"""
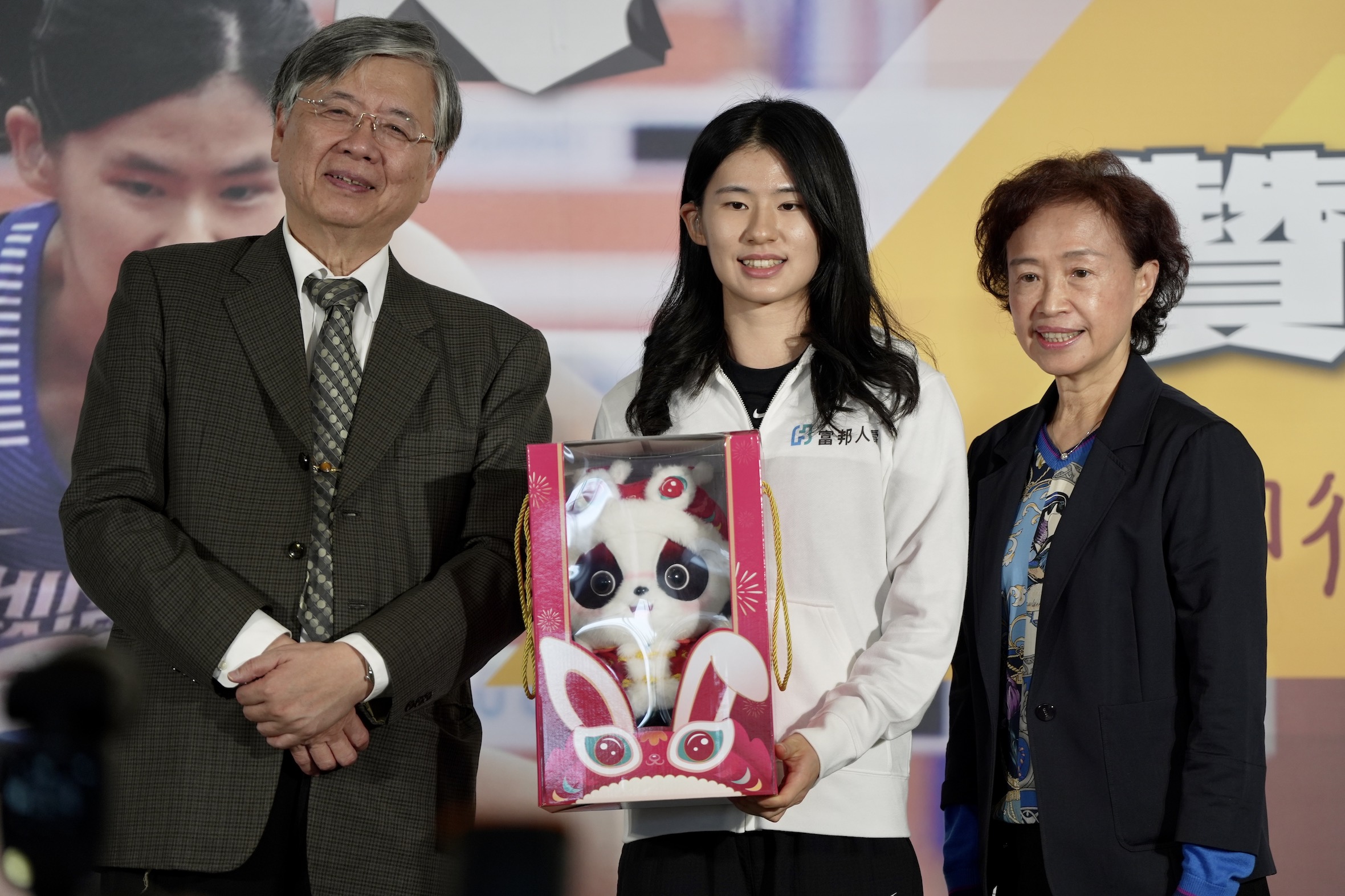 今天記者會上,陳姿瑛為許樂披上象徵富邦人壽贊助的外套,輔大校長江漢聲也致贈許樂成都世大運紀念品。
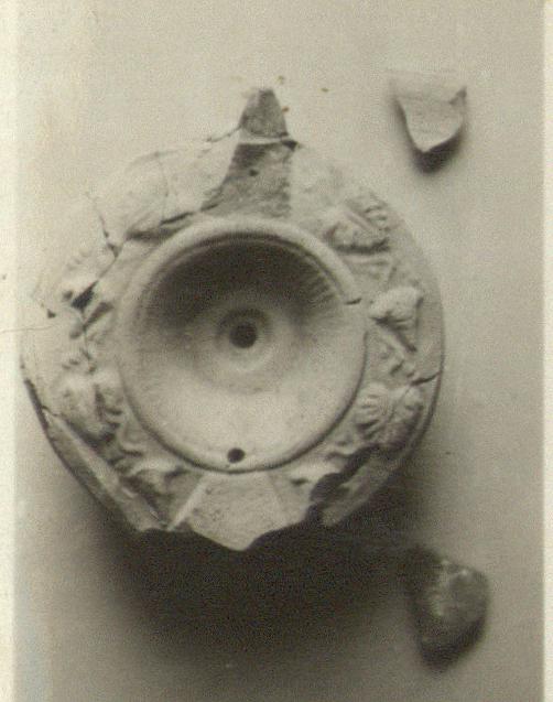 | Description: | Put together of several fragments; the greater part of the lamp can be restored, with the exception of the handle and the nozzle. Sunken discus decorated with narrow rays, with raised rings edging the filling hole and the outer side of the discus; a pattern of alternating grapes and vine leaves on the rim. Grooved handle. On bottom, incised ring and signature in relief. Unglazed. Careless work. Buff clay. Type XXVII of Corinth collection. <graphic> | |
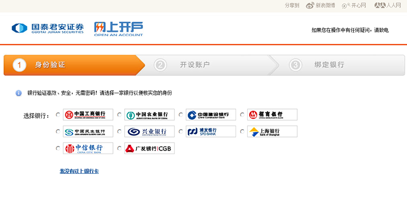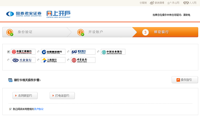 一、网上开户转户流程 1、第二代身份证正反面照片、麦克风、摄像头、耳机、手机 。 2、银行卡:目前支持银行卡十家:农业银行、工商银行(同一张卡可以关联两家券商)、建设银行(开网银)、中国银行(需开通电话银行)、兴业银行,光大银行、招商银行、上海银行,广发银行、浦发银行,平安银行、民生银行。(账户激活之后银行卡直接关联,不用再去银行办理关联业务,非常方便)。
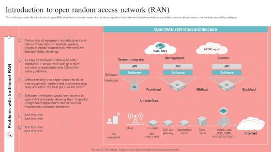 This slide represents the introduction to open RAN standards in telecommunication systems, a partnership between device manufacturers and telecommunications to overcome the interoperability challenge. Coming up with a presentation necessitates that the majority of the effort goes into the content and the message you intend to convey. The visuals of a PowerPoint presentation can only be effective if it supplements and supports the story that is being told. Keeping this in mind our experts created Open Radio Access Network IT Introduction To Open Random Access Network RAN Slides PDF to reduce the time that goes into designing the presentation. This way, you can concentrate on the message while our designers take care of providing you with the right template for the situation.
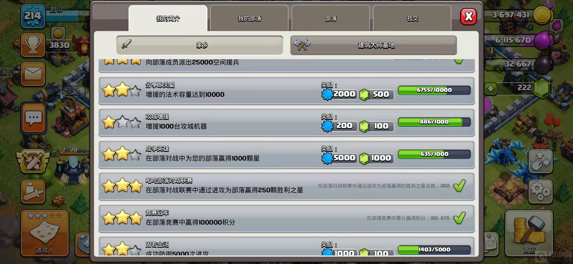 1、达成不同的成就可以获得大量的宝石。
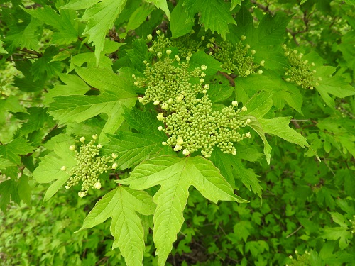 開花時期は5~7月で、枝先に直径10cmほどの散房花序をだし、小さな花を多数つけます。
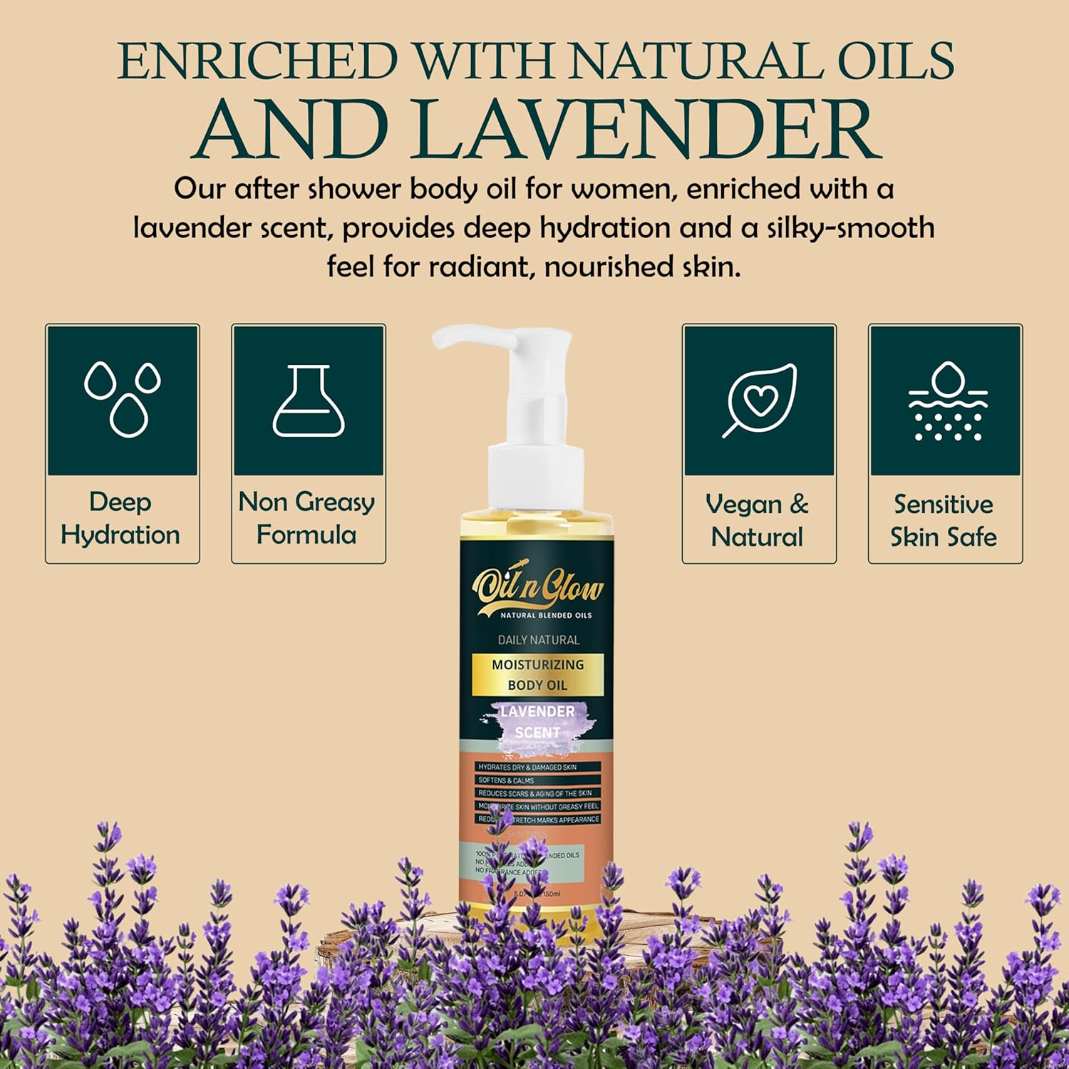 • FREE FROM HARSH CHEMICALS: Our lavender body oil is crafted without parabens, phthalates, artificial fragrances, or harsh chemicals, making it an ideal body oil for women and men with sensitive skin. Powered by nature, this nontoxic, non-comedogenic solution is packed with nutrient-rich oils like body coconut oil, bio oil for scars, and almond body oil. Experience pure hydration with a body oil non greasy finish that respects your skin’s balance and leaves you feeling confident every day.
"""
#### Your goal:
Return every entry exactly, dropping the pictures.

#### Response:
 今天記者會上,陳姿瑛為許樂披上象徵富邦人壽贊助的外套,輔大校長江漢聲也致贈許樂成都世大運紀念品。
 | Description: | Put together of several fragments; the greater part of the lamp can be restored, with the exception of the handle and the nozzle. Sunken discus decorated with narrow rays, with raised rings edging the filling hole and the outer side of the discus; a pattern of alternating grapes and vine leaves on the rim. Grooved handle. On bottom, incised ring and signature in relief. Unglazed. Careless work. Buff clay. Type XXVII of Corinth collection. <graphic> | |
 一、网上开户转户流程 1、第二代身份证正反面照片、麦克风、摄像头、耳机、手机 。 2、银行卡:目前支持银行卡十家:农业银行、工商银行(同一张卡可以关联两家券商)、建设银行(开网银)、中国银行(需开通电话银行)、兴业银行,光大银行、招商银行、上海银行,广发银行、浦发银行,平安银行、民生银行。(账户激活之后银行卡直接关联,不用再去银行办理关联业务,非常方便)。
 This slide represents the introduction to open RAN standards in telecommunication systems, a partnership between device manufacturers and telecommunications to overcome the interoperability challenge. Coming up with a presentation necessitates that the majority of the effort goes into the content and the message you intend to convey. The visuals of a PowerPoint presentation can only be effective if it supplements and supports the story that is being told. Keeping this in mind our experts created Open Radio Access Network IT Introduction To Open Random Access Network RAN Slides PDF to reduce the time that goes into designing the presentation. This way, you can concentrate on the message while our designers take care of providing you with the right template for the situation.
 1、达成不同的成就可以获得大量的宝石。
 開花時期は5~7月で、枝先に直径10cmほどの散房花序をだし、小さな花を多数つけます。
 • FREE FROM HARSH CHEMICALS: Our lavender body oil is crafted without parabens, phthalates, artificial fragrances, or harsh chemicals, making it an ideal body oil for women and men with sensitive skin. Powered by nature, this nontoxic, non-comedogenic solution is packed with nutrient-rich oils like body coconut oil, bio oil for scars, and almond body oil. Experience pure hydration with a body oil non greasy finish that respects your skin’s balance and leaves you feeling confident every day.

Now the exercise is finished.